In the actual exercise, no vendor was contacted; the timeline above is the
shape a real disclosure would follow.
## 11. References
- CERT/CC Coordinated Vulnerability Disclosure Guide:
https://vuls.cert.org/confluence/display/CVD/
- ISO/IEC 29147:2018 Information Technology - Security techniques -
Vulnerability disclosure: https://www.iso.org/standard/72311.html
- CVSS v3.1 Specification: https://www.first.org/cvss/v3.1/specification-document
- CWE-<your-CWE>: https://cwe.mitre.org/data/definitions/<N>.html
- (Additional references specific to the hypothetical)
## 12. Credit
This report is a Lab 9 exercise by <your name> in the VCA-ADV-101 cohort. The
hypothetical vulnerability described is invented for pedagogical purposes; any
resemblance to actual vulnerabilities in real products is coincidental.
---
*Lab 9 hypothetical CVD draft. Not for redistribution outside the cohort.*
Fill in every section with concrete content for your chosen hypothetical. The hypothetical is fictional; the writing should be as detailed as a real disclosure.

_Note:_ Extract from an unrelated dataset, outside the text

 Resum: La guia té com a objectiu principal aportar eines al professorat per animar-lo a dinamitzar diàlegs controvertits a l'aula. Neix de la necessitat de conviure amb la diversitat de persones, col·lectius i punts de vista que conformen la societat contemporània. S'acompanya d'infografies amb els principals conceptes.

Part C: Self-review against the CVD checklist (~30 min)
Score your draft against the following 12-item checklist:
- All 12 sections present
- Summary readable by an educated non-specialist
- Vulnerability description cites the specific CWE category
- Reproduction steps are NUMBERED and would let another researcher reproduce
- CVSS vector and per-metric justification present
- Remediation section is specific (not "fix the bug")

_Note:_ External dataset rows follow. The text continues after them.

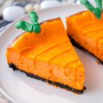 Place the cheesecake slices on parchment paper and drizzle the orange over the cheesecake in a zig zag motion. (Optional, sprinkle with sprinkles instantly after drizzling the orange melts)
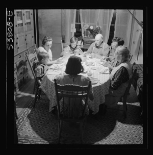 East Montpelier, Vermont. The Charles Ormsbee family and his widowed mother, Mrs. Myrtle Ormsbee, at dinner
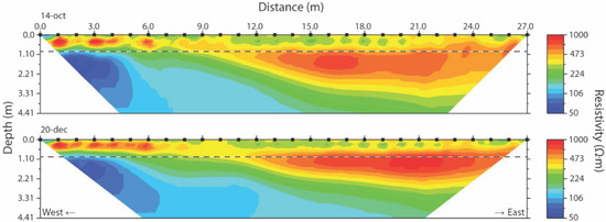 ERT data were collected using the Sting R1/IP advanced resistivity meter with a one-channel receiver with an array of 28 electrodes (www.agiusa.com). We used a Schlumberger configuration with 1 m spacing over a transect length of 27 m, which provides reliable resistivity information to a depth of approximately 5.5 m for the largest electrode spacings within the total line and provides the best trade-off between horizontal and vertical resolution [30,31,32,33]. We used a maximum “a” (distance between M and N, see Figure 3) of 3 electrode distances, and “na” (distance between A and M or B and N, see Figure 3) with ‘n’ between 1 and a maximum of 9. Data points with an elevated reciprocal and/or repeat error of 2% were removed in the acquisition process. Inversion of the data was done with EarthImager2D [30]. The inversion is based on a two-loop iterative nonlinear inversion. We solved the nonlinear inverse problem using the Gauss–Newton method with a calculated sensitivity matrix. The forward modeler that we used is based on a finite element method which produces more accurate forward modelling solutions than a finite difference approach, considering the same mesh discretization. We used a Cholesky decomposition forward solver which is numerically very robust and stable. Misfits are based on a standard misfit function and expressed in root mean square (RMS) or L2-norm. Inversions were stopped after four iterations or by a RMS error reduction of less than or equal to 1.5%. Our initial model is a homogenous half-space with the average apparent resistivity value as starting value. We use the same strategy for the absolute and time-lapse inversions with the difference that for follow-on steps in the time-lapse we use the reference measurement (first data take at 14 October) as starting point for the difference inversion (note that we do not subtract absolute value images but run an inversion on the differences, see for details [30,31,32,33,34]. The set-up was maintained on the site for 67 days and in total 33 ERT measurements were carried out (Figure 4). Gravimetric soil moisture was determined three times (Table 1).
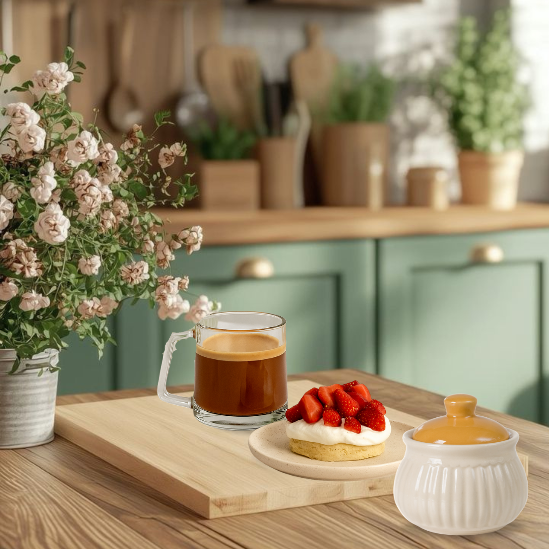 Este set incluye 6 tazas de vidrio transparente con diseño moderno y elegante, perfectas para café, té, leche o infusiones.
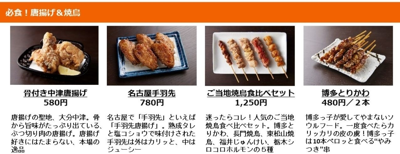 「餃子」「ラーメン・うどん」「焼鳥」「唐揚げ」「やきそば&スパゲッティ」「丼・めし・カレー」「一品」「おにぎりサンド・ソフトクリーム」「ドリンク」の店舗を設け、各地の代表的な郷土料理はもちろん、産直食材や、地域でおなじみのB級グルメ、どんぶり、麺などのソウルフードまで、手づくりの料理をカジュアルに提供します。ご当地サワーや地酒、懐かしのクリームソーダも楽しめます。駅ナカにいながら日本全国の味を食べつくせます。
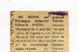 Materias: Montagne, Antoine - Autores chilenos - No morir
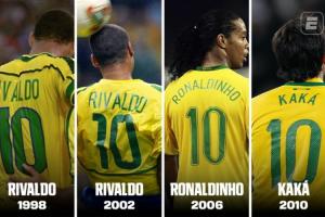 体育资讯04月29日讯 ESPN巴西版今日盘点了近几届世界杯巴西队身穿10号球衣的球员,其中近3届都是内马尔,里瓦尔多、罗纳尔迪尼奥和卡卡在列。
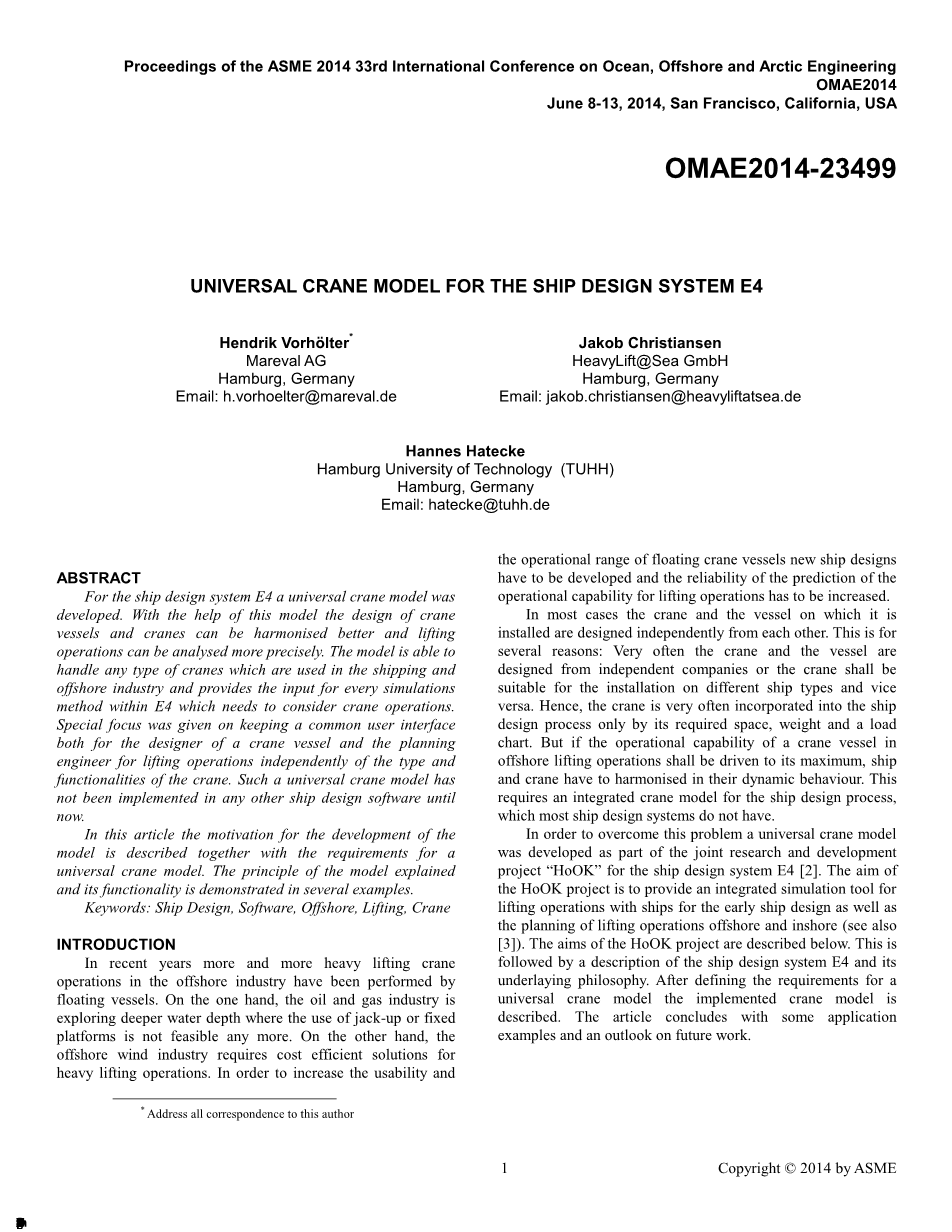 本文研究了针对船舶设计系统E4的通用起重机。在这个起重机模型的帮助下,船舶和起重机能够更加协调,起升过程也可以更精确地分析。该模型能模拟任何船舶海洋工业用起重机并且提供各种在E4系统中起重机的运动学仿真。特别关注的是:为设计师设计起重机和工程师规划吊装作业,保持共同的用户界面。目前,这样一种通用型起重机还没有在其他的船上实现过。
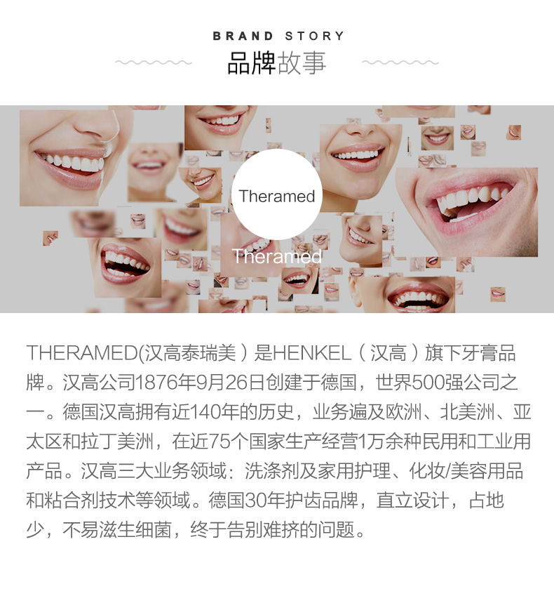 这款汉高的牙膏,小编已经入手用了很长时间了,德国原装进口,是由德国Schwarzkopf&Henkel(施华寇&汉高)公司出品的成人牙膏,经过欧盟最严格的检验标准,全面修复7大空腔问题,颠覆式传统,采用全新立式按压的方式,双重防护,隔绝空气,保护您的牙膏不受浴室潮湿环境的污染,更干净更卫生。
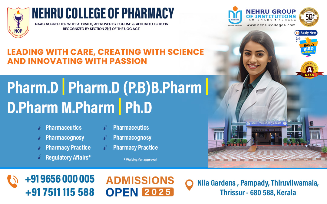 ഫാർമസി കോഴ്സുകൾക്ക് നെഹ്റു കോളേജ് ഓഫ് ഫാർമസി
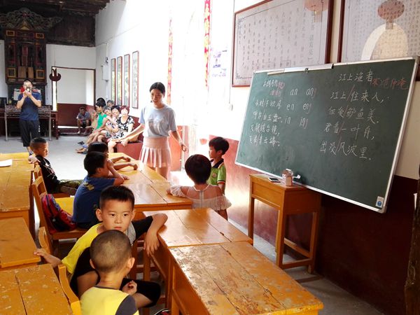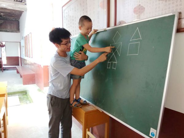 清晨,学生们陆陆续续的到达乡贤馆。“老师早上好,老师早上好!”向志愿者老师们问好的声音此起彼伏,一个个小天使笑的十分开心,对于他们来说上课并不是一件苦恼的事情,相反是假期最值得期待的事情。八点半,上课的哨声准时吹响。“同学们快进教室,上课啦……”志愿者林点一边吹哨,一边呼喊同学们进教室。作为团队的领头羊,林点身兼数职,既要充当打铃人,准时吹响哨声。又是老师,要教幼儿园的小朋友们数学。
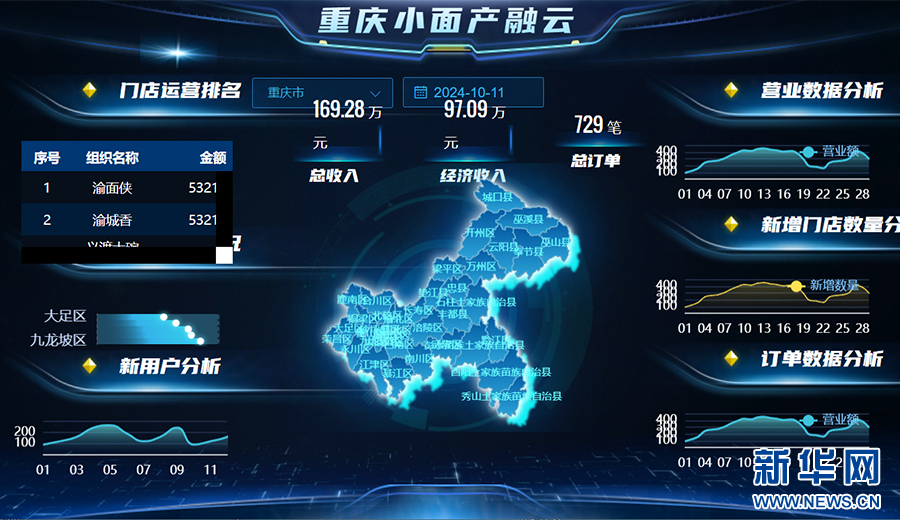 图为“重庆小面产融云”平台数智大脑显示屏上,实时更新的重庆小面产业数据。新华网 发

- Mitigation section helps a pre-patch operator
- Negative scope statement explicit; includes the four standard items
- Disclosure timeline present even though hypothetical
- References cite the canonical CVD documents
- Credit section names the researcher and the lab context
- Voice is practitioner-direct; no marketing language; no em-dashes
Fix any unchecked items.
Part D: Commit + portfolio (~15 min)
cd ~/adv-101/lab-9
git add disclosure-report.md
git commit -m "Lab 9: hypothetical CVD disclosure draft (CWE-<N>, hypothetical product); 12 CERT/CC sections"
cd ~/adv-101
cat >> lab-portfolio.md <<EOF
### Lab 9 session, 2026-MM-DD HH:MM
**Target:** none (paper-only; hypothetical vulnerability)

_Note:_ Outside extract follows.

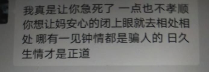 前期催婚的用词还相对温和,“想早点把你托付给个好人家”。
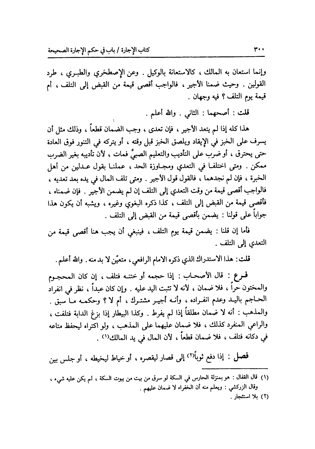 وإنما استعان به المالك، كالاستعانة بالوكيل. وعن الاصطخري والطبري، طرد القولين. وحيث ضمنا الاجير، فالواجب أقصى قيمة من القبض إلى التلف، أم قيمة يوم التلف ؟ فيه وجهان. قلت: أصحهما: الثاني. والله أعلم هذا كله إذا لم يتعد الاجير، فإن تعدى، وجب الضمان قطعا، وذلك مثل أن يسرف على الخبز في الايقاد ويلصق الخبز قبل وقته، أو يتركه في التنور فوق العادة حتى يحترق، أو ضرب على التأديب والتعليم الصبي فمات، لان تأديبه بغير الضرب ممكن. ومتى اختلفا في التعدي ومجاوزة الحد، عملنا بقول عدلين من أهل الخبرة، فإن لم نجدهما، فالقول قول الاجير. ومتى تلف المال في يده بعد تعديه، فالواجب أقصى قيمة من وقت التعدي إلى التلف إن لم يضمن الاجير. فإن ضمناه، فأقصى قيمة من القبض إلى التلف، كذا ذكره البغوي وغيره. ويشبه أن يكون هذا جوابا على قولنا: يضمن بأقصى قيمة من القبض إلى التلف. فأما إن قلنا: يضمن قيمة يوم التلف، فينبغي أن يجب هنا أقصى قيمة من التعدي إلى التلف. قلت: هذا الاستدراك الذي ذكره الامام الرافعي، متعين لا بد منه. والله أعلم فرع قال الاصحاب: إذا حجمه أو ختنه فتلف، إن كان المحجوم والمختون حرا، فلا ضمان، لانه لا تثبت اليد عليه. وإن كان عبدا، نظر في انفراد الحاجم باليد وعدم انفراده، وأنه أجير مشترك، أم لا ؟ وحكمه ما سبق. والمذهب: أنه لا ضمان مطلقا إذا لم يفرط. وكذا البيطار إذا بزغ الدابة فتلفت، والراعي المنفرد كذلك، فلا ضمان عليهما على المذهب، ولو اكتراه ليحفظ متاعه في دكانه فتلف، فلا ضمان (قطعا)، لان المال في يد المالك. فصل إذا دفع ثوبا إلى قصار ليقصره، أو خياط ليخيطه، أو جلس بين

**Action:** drafted CERT/CC-grade CVD disclosure report
**Authorization basis:** paper-only; hypothetical product; no real vendor contact
**Session duration:** ~3h
**Artifacts produced:** lab-9/disclosure-report.md
**Incidents:** none
EOF
git add lab-portfolio.md
git commit -m "Portfolio: Lab 9 session entry"
Expected output / artifact
~/adv-101/lab-9/disclosure-report.md: ~2500-4000 words; all 12 CERT/CC sections present; per-metric CVSS justification; explicit negative scope; hypothetical-disclosure timeline.
What's the failure mode?
- Hypothetical is too vague. "Acme Router has a vulnerability" is not enough; the reproduction steps cannot be written. Pick a specific bug class with specific affected functionality.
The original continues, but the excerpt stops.